POLEmut endometrial cancer. (a) H&E staining (low power) showing endometrioid features with a prominent host inflammatory infiltrate. (b) H&E staining (higher power) showing an area with serous-like features, including nuclear pleomorphism. The variable morphology, host lymphocytic infiltrate and nuclear atypia are all features associated with POLEmut tumours. In this case there is also subclonal mutant pattern expression of p53 (c), with overexpression on the left and wild-type expression on the right.

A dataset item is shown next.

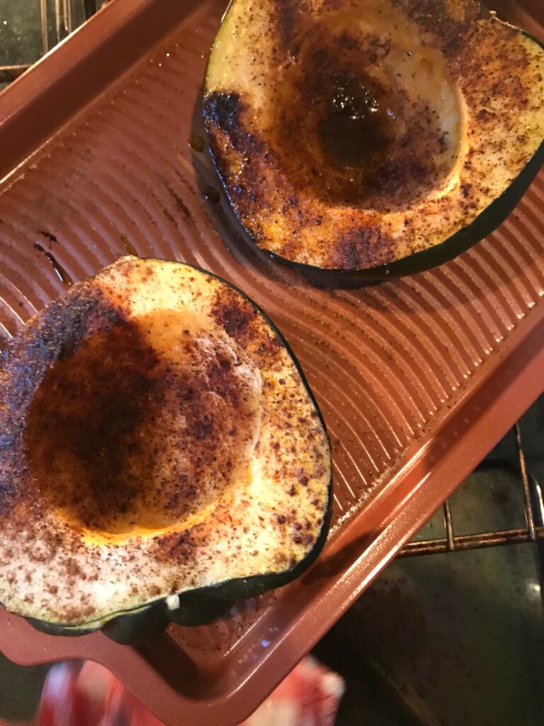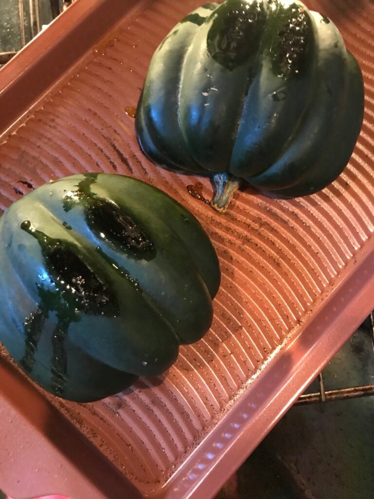 All you have to do to make an acorn squash is slice it in half, clean out the seeds, add a little oil and seasoning, and bake it for about 30 minutes at 350 degrees.

H&E, haematoxylin and eosin; POLE, polymerase epsilon.

Summary

Molecular classification of EC offers an objective and reproducible classification system that has important prognostic and therapeutic implications. Molecularly directed EC clinical trials must be a priority to enable assessment of treatment efficacy within biologically ‘like’ tumours and to enable improvements in outcomes in this disease site. As we move forward in this new era, further stratification within each molecular subtype will likely refine our application of systemic therapy in EC. It is now recommended that molecular classification should be considered in all ECs and be incorporated into management decisions.